An Office of Special Counsel investigation last year found that doctors in a Mississippi VA facility routinely prescribed narcotics to patients they never saw, under the instruction of the hospital’s director.

The VA claims its obscene backlogs result in part from a lack of funding. Yet even as veterans wait months or years for an appointment, the bureaucrats entrusted with their care are wasting the funding the VA already has (a budget nearly ten times the size of NASA’s).

John Sepulveda, a former assistant secretary of the VA, pled the Fifth at a Congressional hearing last year at which he was asked to explain why the department wasted millions on luxurious “conferences”–free trips–for its employees.

If you want to see how bad the corruption at the VA is, just take a look at the list of press releases on the VA Inspector General’s website. They have dozens of headlines like, “Former VA Employee Pleads Guilty to Theft of Government Funds,” “Former VA Claims Examiner Pleads Guilty to Theft, Mail Fraud and Money Laundering,” and “Veterans’ Benefit Fiduciary and Former U.S. Department of Veterans Affairs Employee plead Guilty to Embezzling Nearly $900,000.”
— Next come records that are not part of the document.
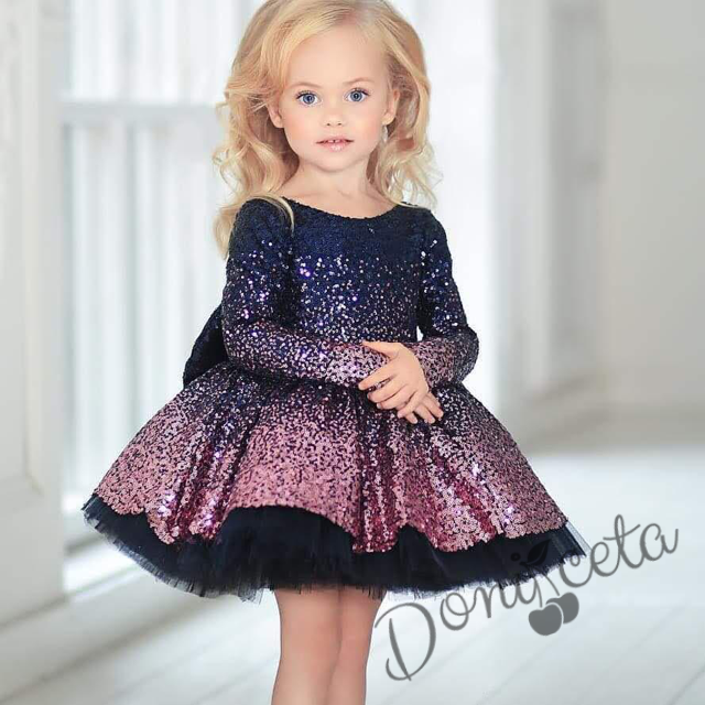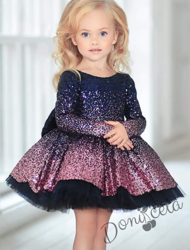 • Оригинална детска рокля с дълъг ръкав в преливащ цвят в пепел от рози и много пластове богат тюл под полата..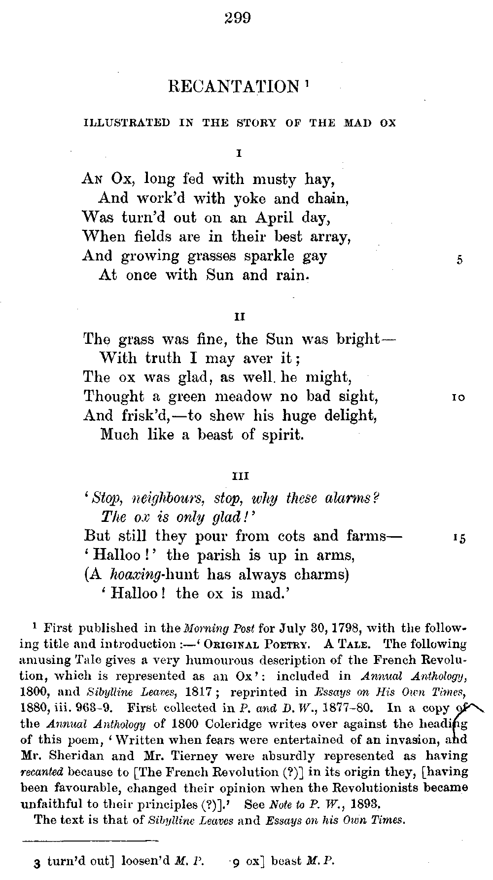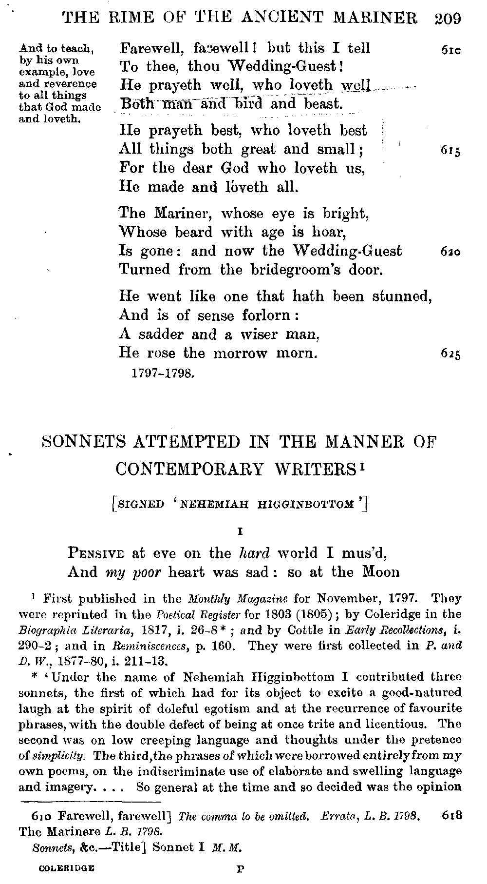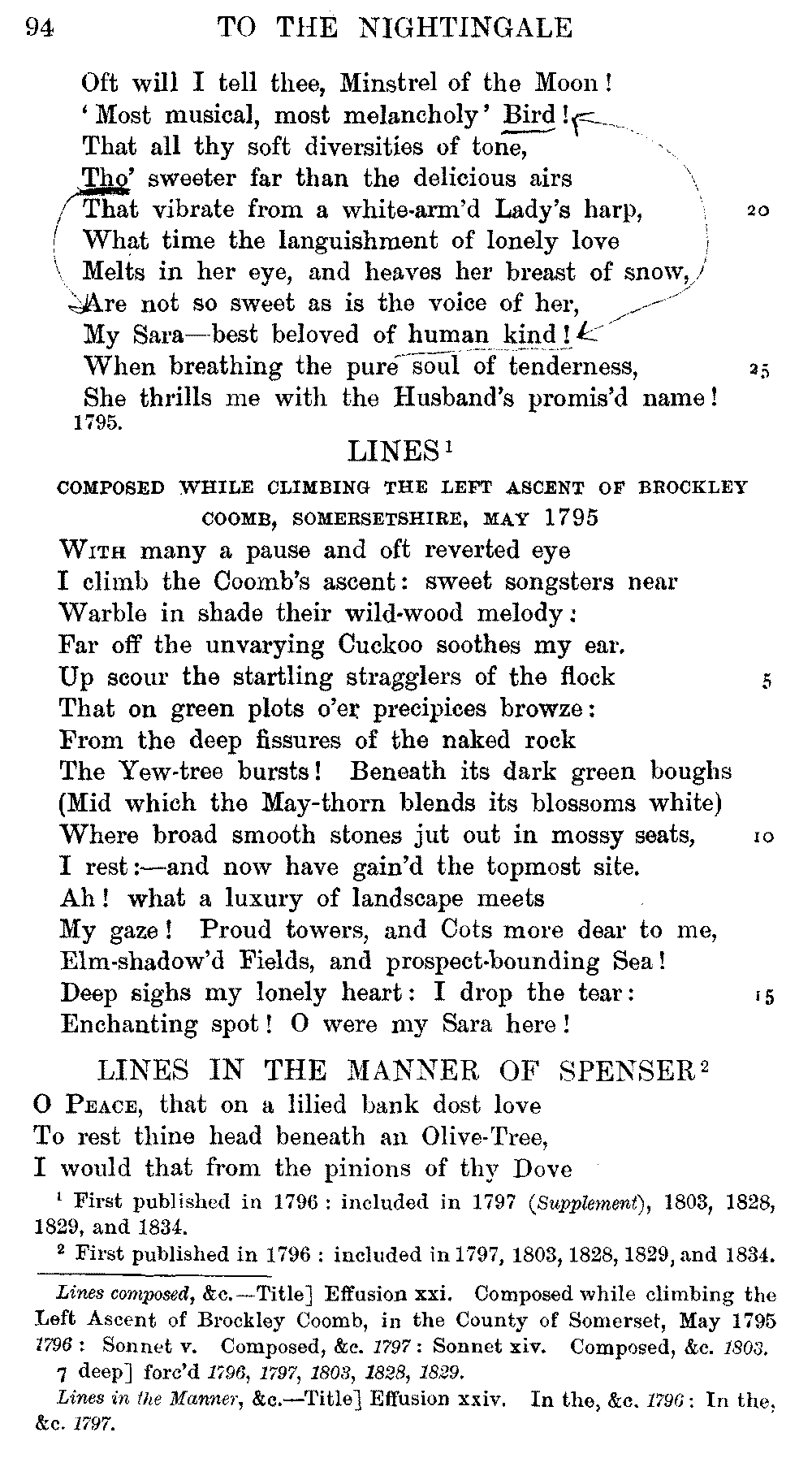 conclusive proof that, here and there, Coleridge altered and emended the
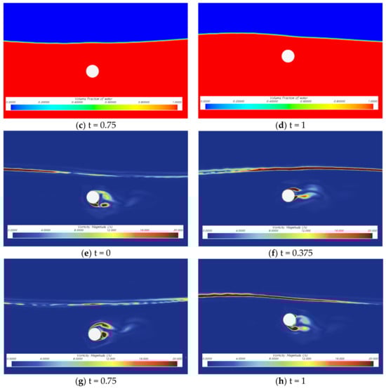 Reichl [1,2] conducted a numerical simulation study on the vortex field around a cylinder, utilizing different submergence depths near the free surface under the action of flow. The results showed that the vortex field around the cylinder changed significantly with the change in submergence depth, and the smaller the submergence depth, the more asymmetric the vortex field. In addition, the influence of changes in the Froude number on the free surface and vortex field was also studied. Wu and Young [3] conducted numerical simulation research on the oscillatory motion of a horizontal cylinder in a stationary fluid; they presented the changes in the vortex field during cylinder motion, comparing and verifying the simulated force results with previously obtained results. This study focuses on the validation of numerical methods; the analysis of the fluid field characteristics around the cylinder is not extensively discussed, and the strong nonlinear phenomena in the selected operating conditions are not obvious. In the study of horizontal cylinders under differing wave current conditions, Bozkaya [4] used a self-developed finite volume method program to numerically simulate the vortex field around a vibrating cylinder in the flow. The study mainly focused on the influence of two variables—the cylinder’s vibration frequency and submergence depth—on the vortex field around the cylinder.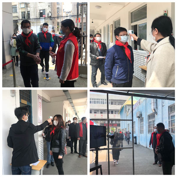 ①门卫:做好防护,要求教职工入校扫描安康码,间隔一米距离、测温、手消毒,体温异常教师交由行政值班带至临时观察点。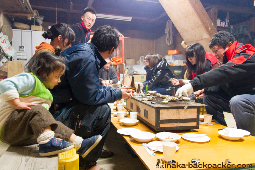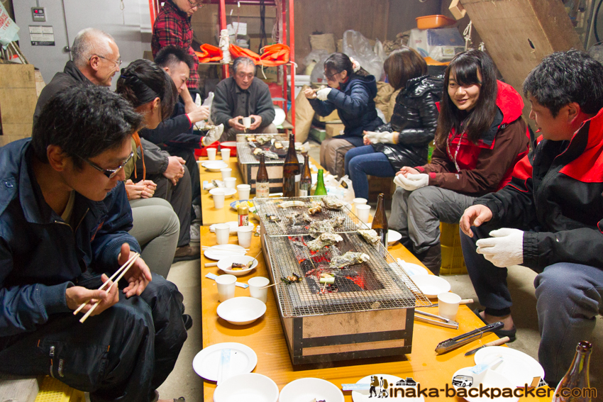 写真で見るNPO法人「田舎時間」の活動 <2016年3月: 牡蠣の水揚げ・剥き身作業> |
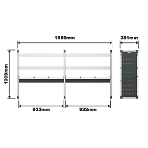 Easy to fit Universal Trade Van Racking double unit. Provides a lightweight, strong and flexible metal solution for effectively storing and organising power tools and components. Adjustable shelf height.
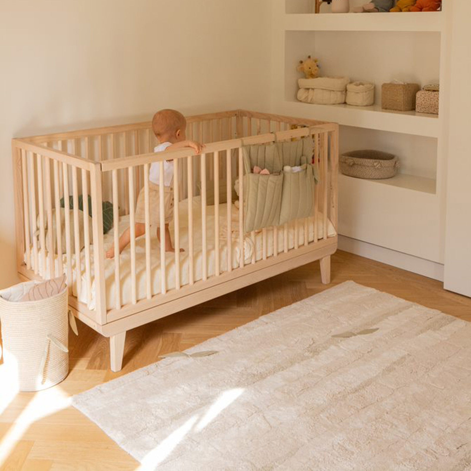 It is decorated with 5 removable bamboo leaves made from embroidered organic cotton poplin. The rug is packed in a practical, reusable cotton bag.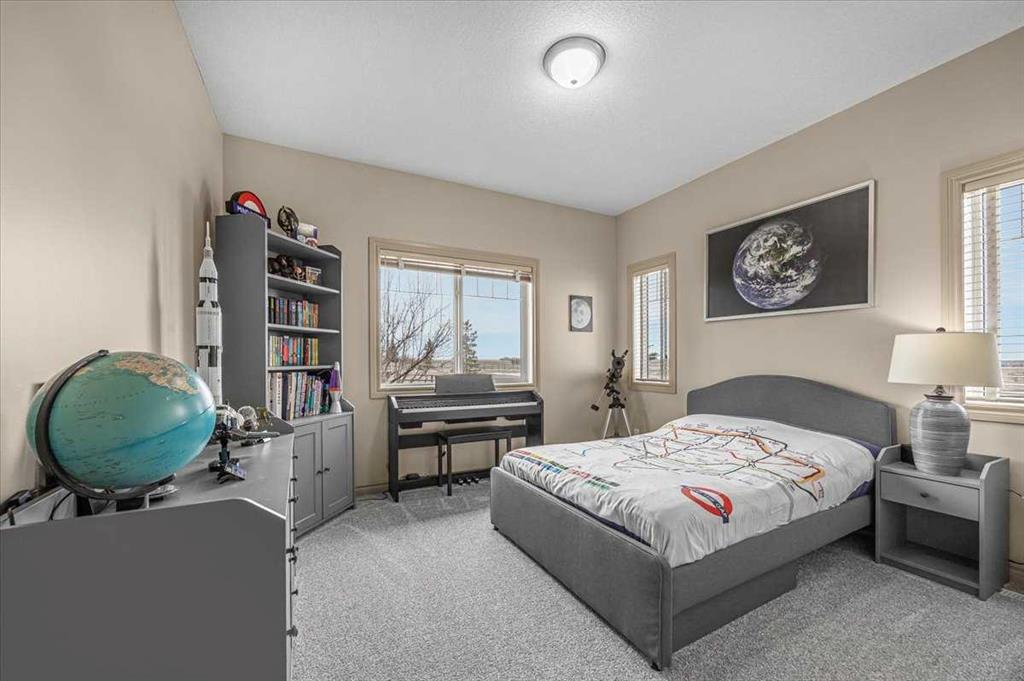 OPEN HOUSE, SATURDAY, MARCH 21, 2-4 PM. Step right into a world where rural serenity meets urban accessibility-just minutes to Okotoks! Nestled in a picturesque sub-division with southwest views including foothills and mountain views, this beautiful acreage is a haven for horse lovers and offers 4.25 acres which are fenced and cross fenced into 4 pastures-each with post and rail fencing, giving it a unique country charm. This perfect setting features a walk-out bungalow with over 2600 sqft of developed living space in an open floorplan, with vaulted ceilings, 2 beds up and 2 down, air conditioning and paved drive right to the front step. Along with a barn that comes with 2 stalls, a tack room, horse shelters and additional storage, this beautiful equestrian community is bordered to the south by 8 acres of reserve and riding trails including 10m wide riding trails throughout the subdivision making this a dream location for equestrians and those looking for additional space. Inside, this welcoming home offers an open concept layout with vaulted ceilings, a skylight that floods the home with natural light, a cozy fireplace and doors that lead out to the south facing deck from which to enjoy the breathtaking views of the valley and foothills. The open kitchen, dining and living room are great for entertaining and the master bedroom with 5 pc ensuite, another bedroom and 4 pc bath complete the main floor living space (both bedrooms have new carpet). You will appreciate the curved staircase that leads down into the bright walk out basement, featuring two bedrooms, a 4 pc bath, a cold room for your garden produce, a large family room with gas fireplace and functional wet bar which makes for another great space to entertain your family and friends. Outside, a private patio off the walkout basement provides a serene retreat, while on the west side you will find another extra patio area where you can soak in the sun and enjoy the mountains. The charming firepit area adds warmth and character to the outside space and you will appreciate the garden space. The well is a great producer at 6 g/m. You will find the perfect blend of outdoor living while close to Okotoks in this unique and beautiful space! (Private and public school buses come to the door)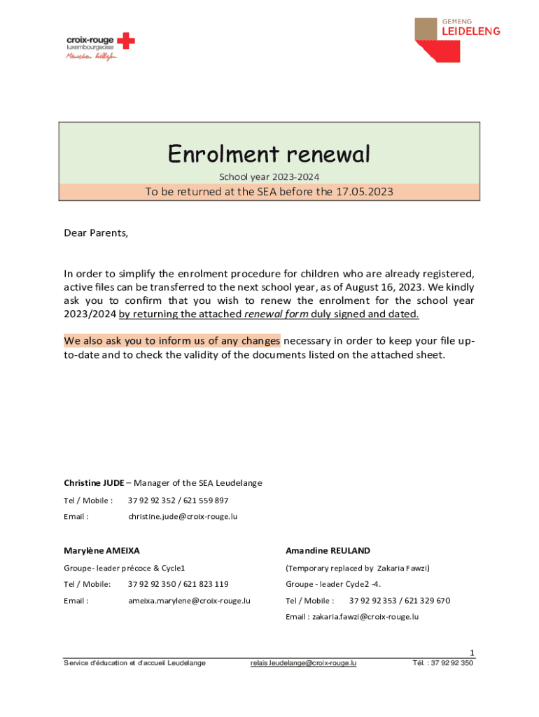 Enrolment renewal School year 20232024To be returned at the SEA before the 17.05.2023 Dear Parents,In order to simplify the enrolment procedure for children who are already registered, active files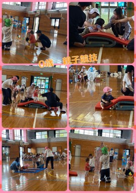 保育風景 10月の子どもの姿 2025年10月30日(木) 運動会がありました 0歳児のお部屋は、ハロウィン仕様。 子どもの足型で、かぼちゃをつくったり、 子どもの顔のこうもりが飛んでいたりと 可愛いお部屋になっています。 0歳児、運動会。 親子競技では、きのこを目指して、 やまこえ、たにこえ 頑張りました。 たくさんのきのこをゲットでき、 ニコニコの子ども達でした。 もどる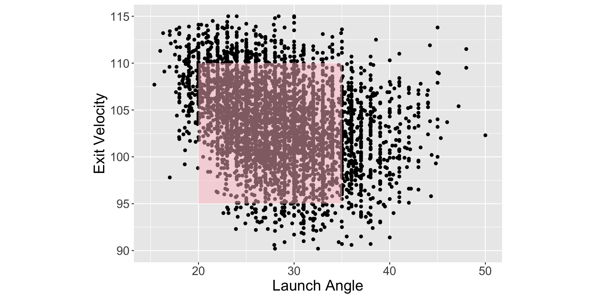 This is especially apparent for exit velocities between 100 and 105 mph.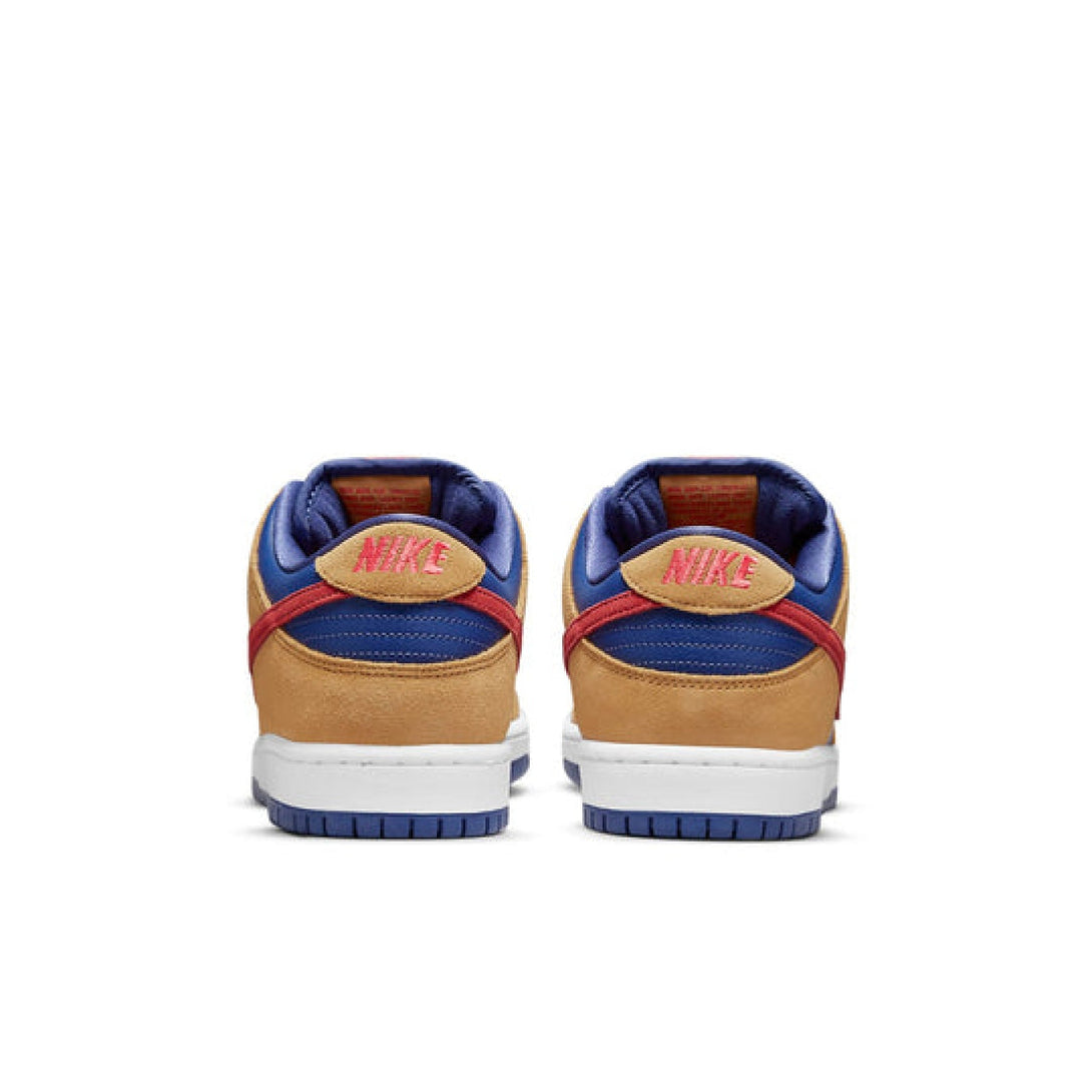 The Nike SB Dunk Low 'Reverse Papa Bear' is a fresh reinterpretation of the iconic 'Three Bears' pack, offering a nostalgic yet innovative twist on a beloved classic. This sneaker inverts the original 'Papa Bear' colorway, presenting a playful and eye-catching design. Its luxurious suede upper, in a harmonious blend of deep navy and vibrant light blue, pays homage to its predecessor while forging its own identity. The contrasting orange accents on the Swoosh and tongue add a pop of color, embodying the spirit of skate culture with flair. Engineered for skateboarding, it features a Zoom Air unit and a padded tongue, ensuring comfort and responsiveness. The 'Reverse Papa Bear' is not just a shoe; it's a tribute to skateboarding history, blending performance with a bold, expressive style.

Despite it all, the bureaucrats in charge have been giving themselves large bonuses. Between 2007 and 2011, the VA distributed nearly $17 million in “extra compensation” to senior officials at a time when hundreds of thousands of veterans’ claims were backlogged.

It has become increasingly obvious to most Americans in recent years that the federal bureaucracy is riddled with large pockets of corruption, from the IRS to the Department of Health and Human Services. Many of the cases we know about are outrageous examples of waste and abuse of power. But abusing power and wasting funds at the expense of America’s veterans may be the most appalling kind of corruption yet.